3-9 Kasım Organ Bağışı Haftası kapsamında, Ankara bir kamu hastanesinde görev yapan Organ Nakli Koordinatörü ile organ bağışının anlamını, sürecini ve toplumdaki algısını konuştuk.

Organ bağışı sadece bir tıbbi işlem değil; bir insandan diğerine uzanan sessiz bir umut köprüsüdür.

İşte “yaşatmak” kelimesinin en derin anlamıyla buluştuğu o sürecin perde arkası…

Vücutta kalp, karaciğer, böbrek, akciğer, pankreas, kornea gibi birçok organ ve doku nakledilebilir. Her biri bir yaşamın yeniden başlaması demektir.

Fakat burada en önemli nokta şudur: Bağış kararı aileye mutlaka bildirilmelidir. Çünkü kişi bağışçı olsa dahi vefatından sonra aile onayı olmadan organ nakli yapılamaz. Ailenin kararı sürecin en önemli halkasıdır.

Ayrıca toplumun bilinçlenmesi için okullarda, kurumlarda bilgilendirme faaliyetleri yürütürüz. Her başarılı nakil, bizler için tarifsiz bir mutluluk kaynağıdır.
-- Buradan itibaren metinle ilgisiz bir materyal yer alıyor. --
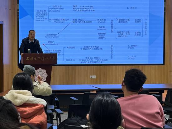 同时,马新宇老师以建筑术与哲学观的关系为切入点。建筑术属于康德的先验方法论部分,但意义又不局限于先验方法论,其目的是使知识统一起来成为科学,即用理性方法将单纯聚集的普通知识变成系统的典范知识,在系统之中这些知识才能支持和促进理性,而哲学就是这样的典范知识。随后,马老师讲解了康德对哲学的四重界定。即从概念而来的理性知识、一切哲学知识的系统、有关一切知识与人类理性的根本目的之关系的科学,以及人类理性的立法。最后,马新宇老师用清晰的图谱为大家介绍了康德对形而上学的界定与划分,形而上学区别于经验哲学和数学,是纯粹哲学的对象,又可细分为先验哲学和纯粹理性的自然之学两个部分。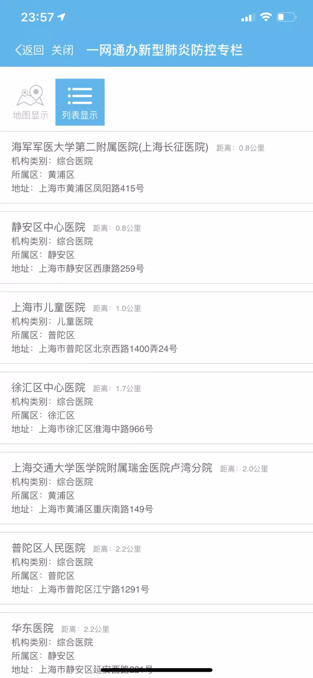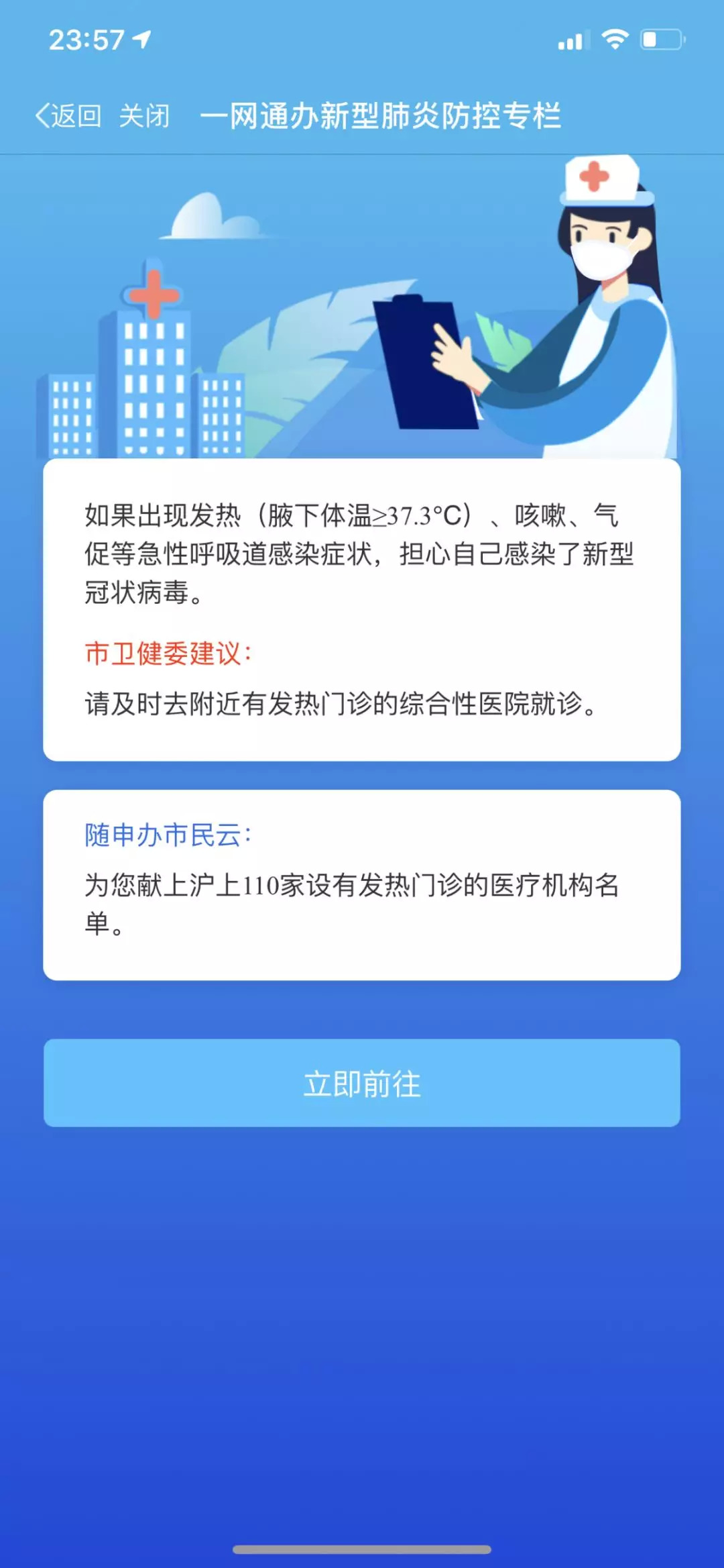 如果出现发热(腋下体温≥37.3℃)、咳嗽、气促等急性呼吸道感染症状,担心自己感染了新型冠状病毒,市卫健委建议:请及时去附近有发热门诊的综合性医院就诊,可通过“发热门诊医疗机构”服务,查看沪上110家设有发热门诊的医疗机构名单,服务提供地图显示和列表显示两种方式,可查看距您最近的的发热门诊医疗机构。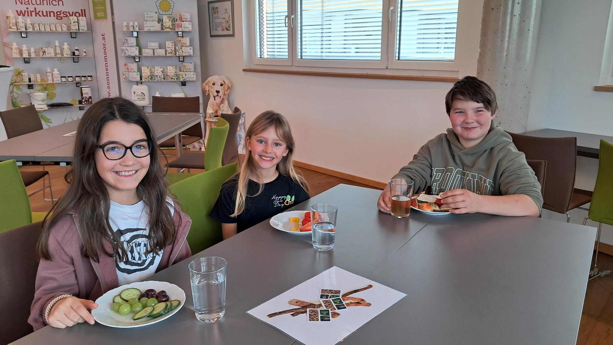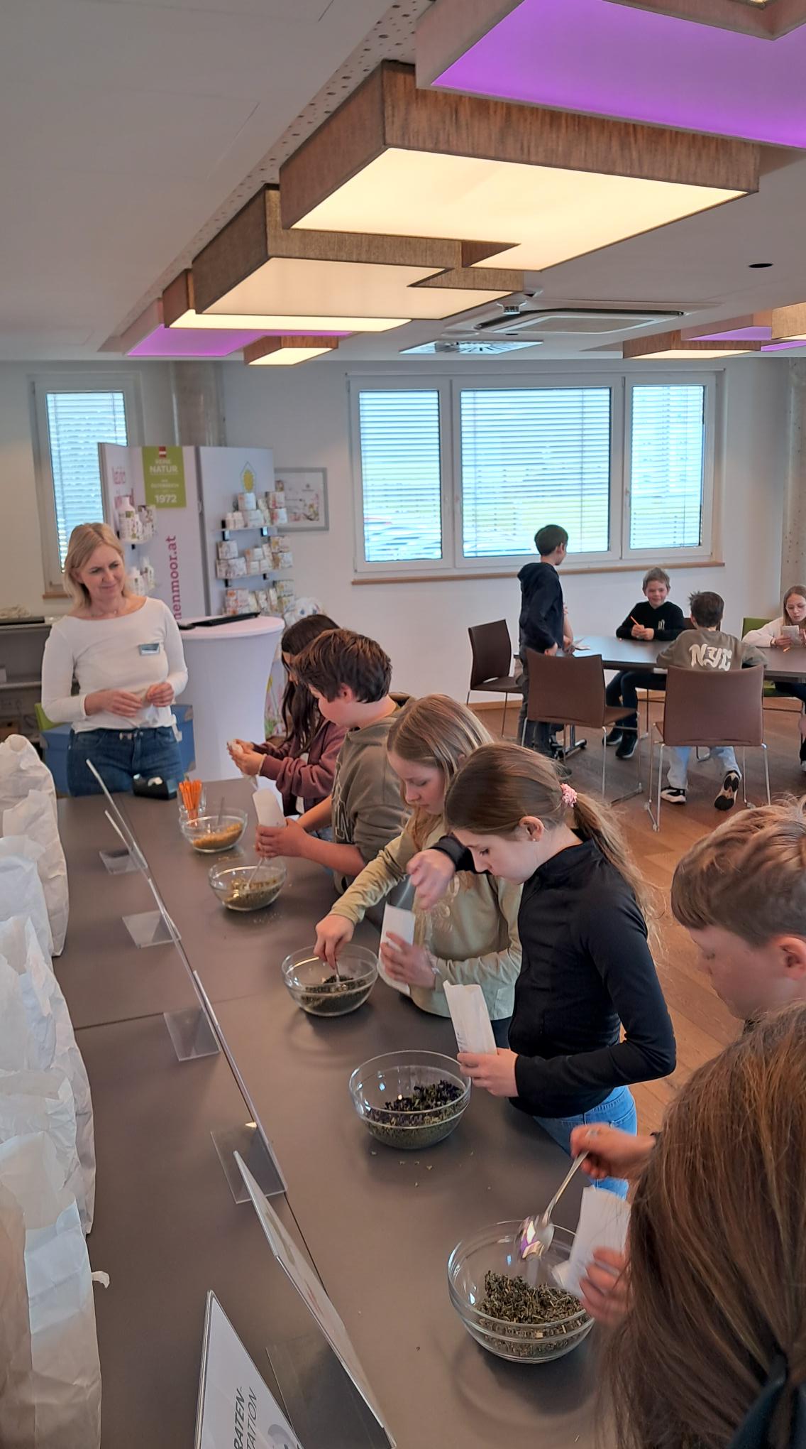 Am 10. März machten sich die "Großen" in der Schule (3. und 4. Klasse) auf den Weg, um die Firma Sonnenmoor in Anthering zu besuchen. In den Schauräumen erfuhren wir unter anderem einiges über verschiedene Heilkräuter und die Heilkraft des Moores. Die Mutigen unter uns verkosteten ein Gläschen Trinkmoor. Nach einer gesunden und leckeren Jause durften die Kinder ihren eigenen Kräutertee mixen. Alle bekamen zum Schluss ein kleines Abschiedgeschenk. Wir danken der Firma Sonnenmoor für den netten, sehr gut organisierten Vormittag.
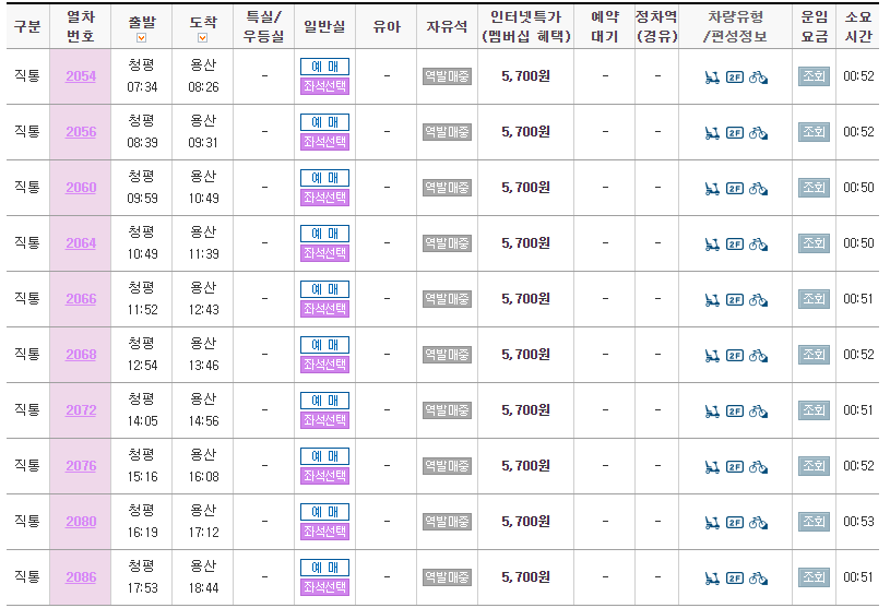 이외 다른 노선에 대한 시간표를 알고 싶으면 '레츠코레일'이나 모바일 '코레일 톡'에서 확인 하면 된다.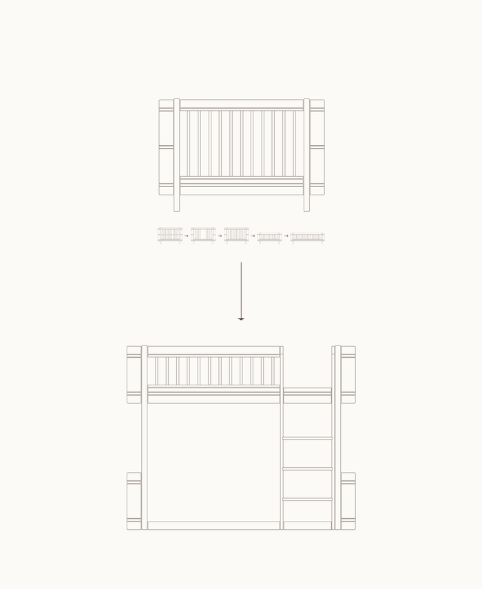 The Wood Mini+ bed series is designed to follow your child's sleeping needs from baby to nine years old. As your needs change - a child outgrows their bed, wants a new one, or perhaps the family expands - the bed can grow with your new needs.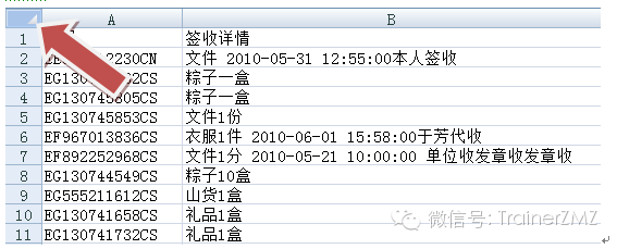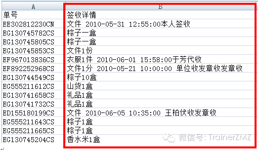 好四个条件都满足了,然后敲击键盘上的回车键,您就会发现第一个EF527973794CS对应的签收详情就导过来了。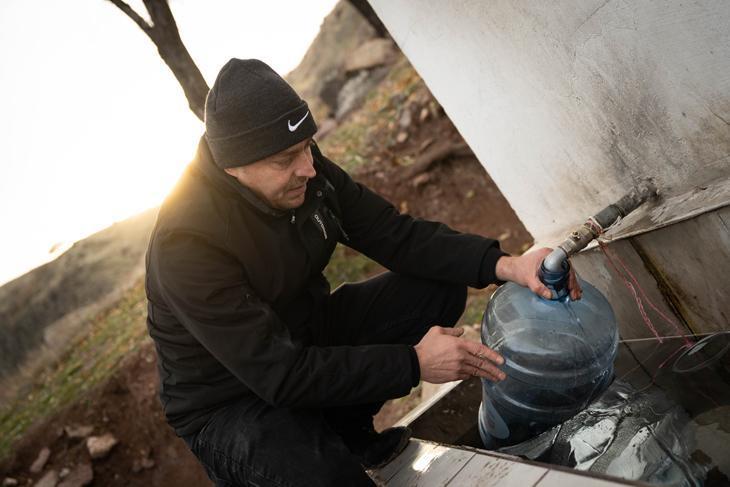 Ellerinde damacana ve bidonlarla çeşme başında sıraya giren vatandaşlardan Aslan İpek, suların dün geceden bu yana kesik olduğunu belirterek, “Haber vermiyorlar, karda kışta perişan oluyoruz. İnsani ihtiyacımızı karşılayamıyoruz. Çok mağduruz, suların bir an önce gelmesini istiyoruz.” dedi.

Organ bağışı; ölümden sonra bile yaşatabilmenin bir yoludur. Bir insanın yaşamını kurtarmak, dünyada yapılabilecek en büyük iyiliktir. Karar vermek zor ama sonrasında duyulan huzur tarifsizdir.

Bir imza, bir kart, bir söz… Belki de bir çocuğun gülümsemesine dönüşecek.

Herkesi organ bağışına davet ediyorum. Çünkü bağış, insanın insana verebileceği en büyük hediyedir.